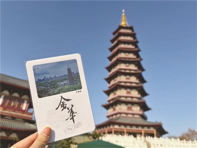 走进塔内,仿佛踏入一条跨越千年的时光隧道。每层均设有特色主题展陈,万尊小佛像神态各异、栩栩如生,顶层重达11.8吨的祈福大钟上,清晰镌刻着“风调雨顺”四个大字。“最震撼的就是站在15层俯瞰全城,古子城的青石板路、婺江的粼粼波光、远处的现代高楼尽收眼底,古今金华的韵味在这一刻完美交融。”来自福州大学的小敏和同学们趁着假期畅游金华,第一站便直奔万佛塔,从塔顶下来时,手机里早已存满了不同角度的塔景照片,言语间满是赞叹。
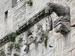 Chacune des parties latérales de la façade est percée d'une petite porte surmontée d'une galerie de trois baies séparées par des colonnettes à chapiteau, galerie elle-même surmontée de petites arcades ornées de têtes d'animaux comme les arcades de la partie centrale. La partie de droite présente également, au deuxième étage, une paire de petites baies géminées.
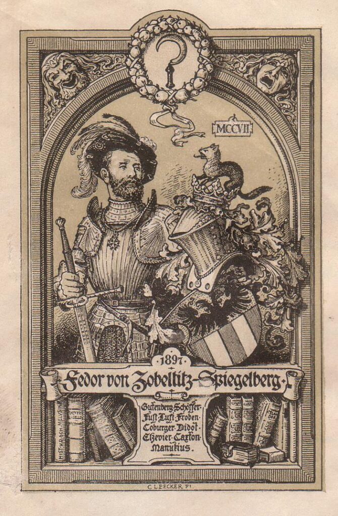 Ekslibris Fedora von Zobeltitz [autor: Carl Leonhard Becker (1843-1917), Public Domain]

(How to complete this task): Each line of the material is to be output exactly. Images are not part of the expected output.

(Result of this task):
 走进塔内,仿佛踏入一条跨越千年的时光隧道。每层均设有特色主题展陈,万尊小佛像神态各异、栩栩如生,顶层重达11.8吨的祈福大钟上,清晰镌刻着“风调雨顺”四个大字。“最震撼的就是站在15层俯瞰全城,古子城的青石板路、婺江的粼粼波光、远处的现代高楼尽收眼底,古今金华的韵味在这一刻完美交融。”来自福州大学的小敏和同学们趁着假期畅游金华,第一站便直奔万佛塔,从塔顶下来时,手机里早已存满了不同角度的塔景照片,言语间满是赞叹。
 Chacune des parties latérales de la façade est percée d'une petite porte surmontée d'une galerie de trois baies séparées par des colonnettes à chapiteau, galerie elle-même surmontée de petites arcades ornées de têtes d'animaux comme les arcades de la partie centrale. La partie de droite présente également, au deuxième étage, une paire de petites baies géminées.
 Ekslibris Fedora von Zobeltitz [autor: Carl Leonhard Becker (1843-1917), Public Domain]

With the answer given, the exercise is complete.